私が日本に帰るまで、一体どれだけの月日をここで過ごすかは解らないが、芽生えた小さな感情を隠した引き出しだけは絶対に開けてはならない。
その夜、私達は明け方まで喋り続けた。友のように、兄弟のように。そして、二人寄り添って、手を繋いで、まるで双子の兄弟のように眠りについた。

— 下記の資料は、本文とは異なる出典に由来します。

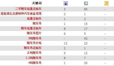 隨車吊專業(yè)網(wǎng)站:我是楚勝湖北龍晨特種汽車裝備有限公司的銷售經(jīng)理,主要銷售隨車吊,并且每個人都有網(wǎng)站,有的是在百度上推廣,而我的網(wǎng)站是在百度上優(yōu)化網(wǎng)站,關(guān)鍵詞是隨車起重運(yùn)輸車,隨車吊,起重運(yùn)輸車,二手隨車起重運(yùn)輸車,經(jīng)過一年的努力,網(wǎng)站終于有了起色,先讓大家看看隨車吊網(wǎng)站的收錄情況截圖如下:

翌朝、その光景を見た侍女達は、猫が絡み合い丸くなるように寝ている仲むつまじい二人を起こすことが出来ず、こっそりと部屋を後にした。
城中に二人の仲むつまじさが広まるのに一日とかからなかったのは言うまでもない。
「おばあさん、いる?」
「マリィかい? 私はいつもここにいるよ。さあ、入っておいで。今日は王子はいないんだね?」
相変わらずの暗闇の中から、おばあさんの声と擦るように歩く音が聞こえてくる。その声と音でおばあさんのいる場所がある程度解るっといった有様だった。比較的明るいところから暗闇に入ったので、目が慣れずおばあさんの姿を確認することは出来なかった。
アレックとの婚姻の儀から数日がたっていた。
ここに来てから曜日の感覚がない。日本からここに飛んできたのが一体何日前―――もしかしたら何ヶ月も前のことかもしれないが―――なのかさえもう思い出せない。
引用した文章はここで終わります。